There is also case law precedent which holds that employees should be selected for redundancy using objective, fair and reasonable criteria. Section 5 of the Redundancy Payments Act 2003 states that the ‘objective’ nature of redundancy should arise ‘for one or more reasons not related to the employee concerned’ (i.e. the ‘impersonality’ factor). In the absence of such ‘objectivity’, employees may successfully claim that they were ‘singled-out’ when other positions might have been deemed to be equally at risk, or that the criteria applied in the selection process were unfairly biased against them. In such scenarios, the importance of fair procedures and of selecting employees for redundancy based on objective criteria - which should be communicated to the employees concerned – are of importance.
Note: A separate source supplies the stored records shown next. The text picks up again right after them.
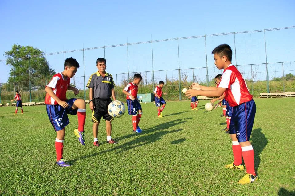 Cựu cầu thủ Cảng Sài Gòn truyền lửa đam mê cho lứa cầu thủ nhí. Ảnh: NA.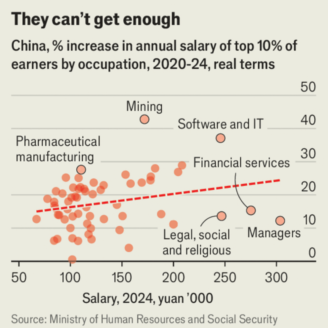 But the top tenth of software engineers by salary have seen their wages grow by 8% per year in real terms since 2020. The smartest engineers have enjoyed pay hikes amid a war for talent among China’s big-tech companies. An AI researcher at one such company in Beijing admits he has far more money than he knows what to do with (he spends most of his time at work and his hobby, hiking, is hard to splash cash on). DeepSeek, China’s AI darling, has been offering salaries of more than 1.4m yuan ($200,000) per year, over ten times that of the average white-collar worker in China.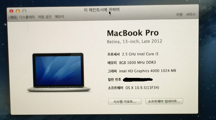 맥북프로 레티나 13인치 2012 late(메모리8GB, SSD 128G)에 팝니다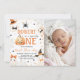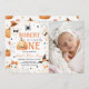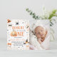 Celebrate your little pumpkin’s first birthday with this adorable spooky photo invitation. Featuring watercolor ghosts, pumpkins, bats, and cobwebs in soft pastel tones, this design combines sweet and spooky vibes. Personalise with your child’s photo and party details for a memorable first “boo-day.” Perfect for a Halloween-inspired first birthday celebration.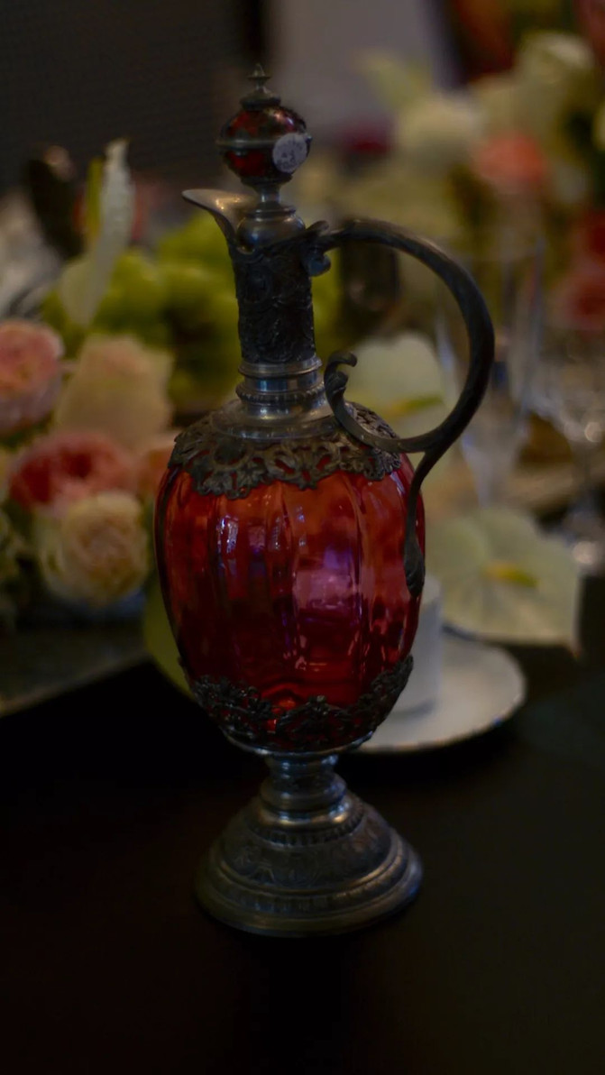 用利摩日鎏金杯喝咖啡,揣摩丢勒的版画成为她聚会的标准姿势。不经意一瞥,插花的瓶子也是百年。藏品目前在“红公馆艺文空间”里。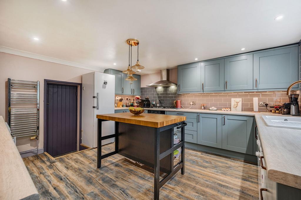 Base units with laminate worktop and stainless steel sink and drainer. uPVC double glazed window and door out to garden. Multi-fuel stove. Beamed ceiling. Slate floor.
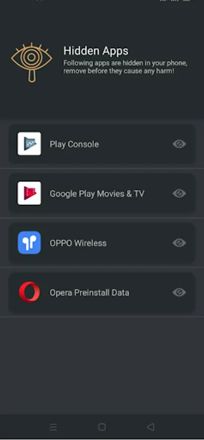 Displays important software, unknown programs, and third-party apps that install as batch files and instantly start spying on your SMS, gallery photos, call logs, contact list, etc.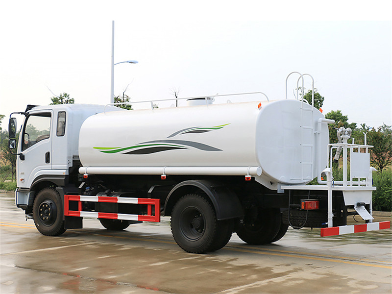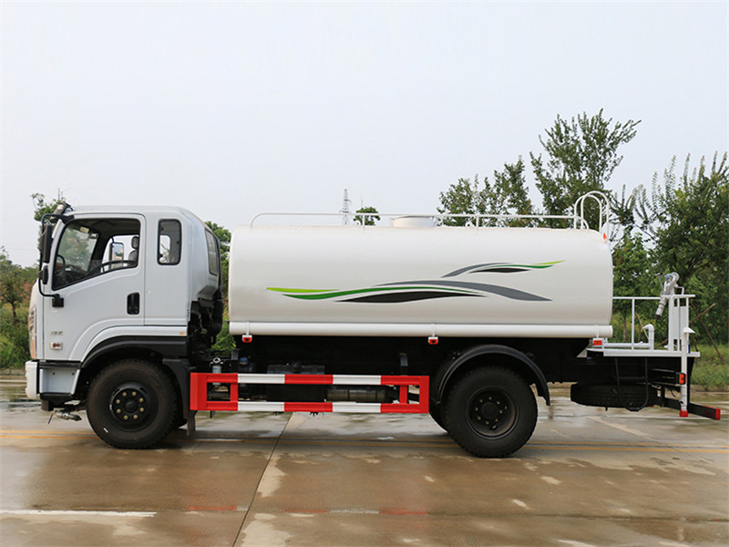 上装部分:罐体用4MM碳钢板制作,罐体油漆采用金属油漆制作,防锈能力强。罐内隔板具有防波作用,以减低汽车行驶时罐体液体的冲击。整车带一个专用洒水泵大功率专用洒水泵,泵可自吸自排,带自流阀,带消防接头,带消防水带,配两根吸水管,带过滤装置,洒水宽度15米,射程28米。多功能洒水车配备2个前冲(喷)(能将路面泥巴、尘土、垃圾冲干净);2个后洒(能均匀地将水洒在路面,一次洒水宽度15米)、2个侧喷(花洒)(能均匀地将路旁绿化带浇灌)、带1个后工作平台,平台上安装1个绿化洒水高炮(洒水炮可全方位旋转,可连续调成直冲状、大雨、小雨、毛毛雨,雾状可调节冲洗高大树木),引水时间<5min,流量90m3/h。带1个消防接头,带1个自流阀,1个过滤装置、人性化爬梯及侧防护栏,安装洒水音乐喇叭。
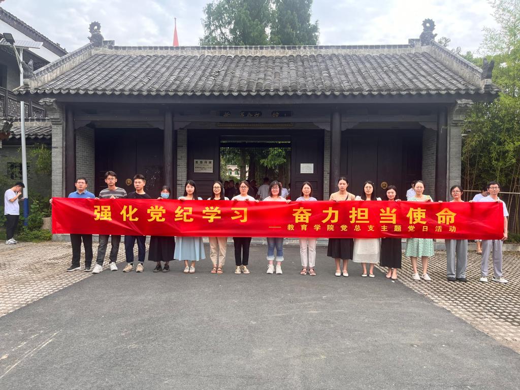 为庆祝中国共产党成立103周年,激励广大党员继承和发扬党的光荣传统和优良作风,提升师生党员纪律意识和党性修养,7月1日上午,教育学院党总支师生党员代表前往信阳柳林革命纪念馆开展“强化党纪学习,奋力担当使命”主题党日活动。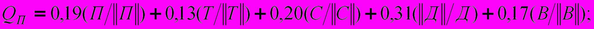 Поскольку аналитический метод ранжирования ЕПК является более объективным, на основе полученных с его помощью коэффициентов весомости получены итоговые формулы комплексного показателя качества (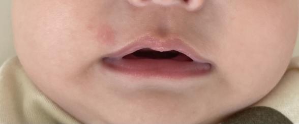 口元はりんごで食後3時間後にお昼寝から起きたらできていました。

Whilst it may be possible to use different criteria for different areas of a business, the onus is on the employer to show that there were objective reasons for doing so. The respondent did produce supporting evidence in respect of the claim that alternate job offers and a consultation process was applied in this case.
CA-00013880-002 With regard to the redundancy calculation claim, and the Community Employment Procedures Manual (which was submitted by the claimant’s representative post-hearing) it is notable that it is (arguably understandably) silent on the matter of redundancy. It is also dated July 2016, by which time ‘sponsors are advised that since all engagements are limited to one year, subject to re-engagements on new contracts for additional periods of one year maximum, the provisions of Unfair Dismissals Act 1977 and the Unfair Dismissals (Amendment) Act, 1993 legislation, does not apply’.
Turning to precedent on this matter, in the case concerning employers (based in North Cork, where there were 10 CE schemes employing 300 people in place) an appeal of a Rights Commissioner’s decision was successful because of: ‘the nature of the payments and their relativity and clear connection with the level of the participant’s Social Welfare (and) the fact that all funding is provided by central government’ Hence,‘the Tribunal could not find in favour of the employees’claims’. (PW286-PW312/2011). |
Decision:
Section 8 of the Unfair Dismissals Acts, 1977 – 2015 requires that I make a decision in relation to the unfair dismissal claim consisting of a grant of redress in accordance with section 7 of the 1977 Act.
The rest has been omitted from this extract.